(Dataset entries)
== == ==
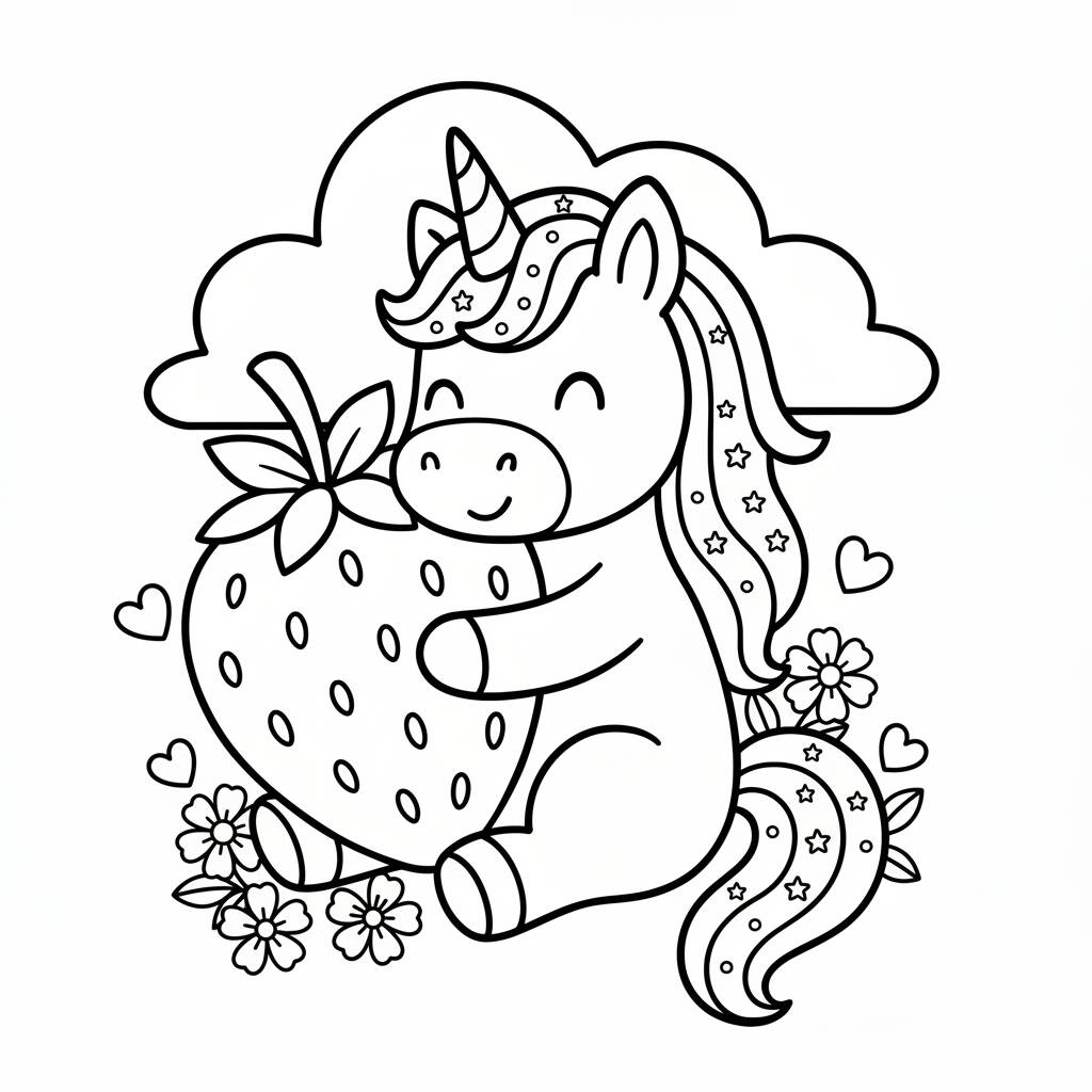 Una divertida página para colorear que presenta un adorable unicornio sosteniendo una fresa, perfecta para niños.
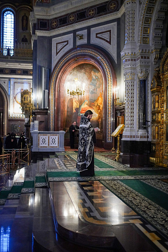 Утром 5 марта 2025 года, в среду первой седмицы Великого поста, Святейший Патриарх Московский и всея Руси Кирилл молился за уставными великопостными богослужениями в кафедральном соборном Храме Христа Спасителя в Москве.
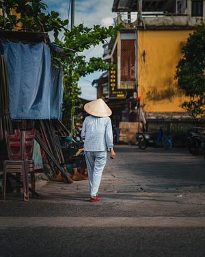 Captured in the heart of Hội An, this quiet moment shows a woman in light blue pajamas and a conical nón lá hat walking alone through the sunlit streets. Her red slippers pop against the muted tones of the scene — a subtle detail that adds warmth and character. The photo captures the gentle pace of life in Vietnam, where the everyday becomes cinematic in its stillness.
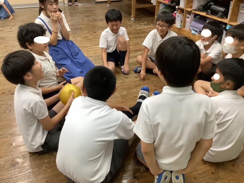 昼休みには、みんなで輪になり、ゲームを楽しみました。
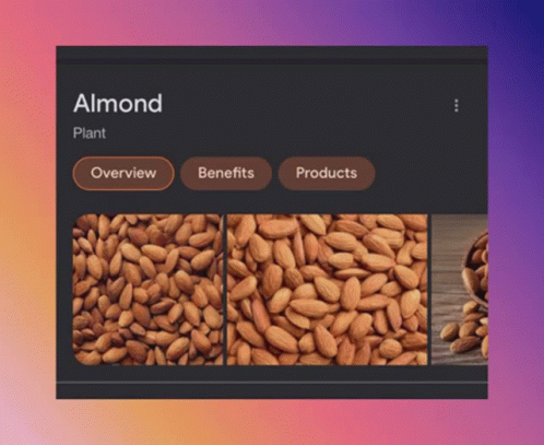 Контентын тайлбар: a screenshot of an almond plant with benefits and products buttons
== == ==
* _Directions for this task_
The answer must restate every entry word for word, with the pictures left out.

* _Answer space_
 Una divertida página para colorear que presenta un adorable unicornio sosteniendo una fresa, perfecta para niños.
 Утром 5 марта 2025 года, в среду первой седмицы Великого поста, Святейший Патриарх Московский и всея Руси Кирилл молился за уставными великопостными богослужениями в кафедральном соборном Храме Христа Спасителя в Москве.
 Captured in the heart of Hội An, this quiet moment shows a woman in light blue pajamas and a conical nón lá hat walking alone through the sunlit streets. Her red slippers pop against the muted tones of the scene — a subtle detail that adds warmth and character. The photo captures the gentle pace of life in Vietnam, where the everyday becomes cinematic in its stillness.
 昼休みには、みんなで輪になり、ゲームを楽しみました。
 Контентын тайлбар: a screenshot of an almond plant with benefits and products buttons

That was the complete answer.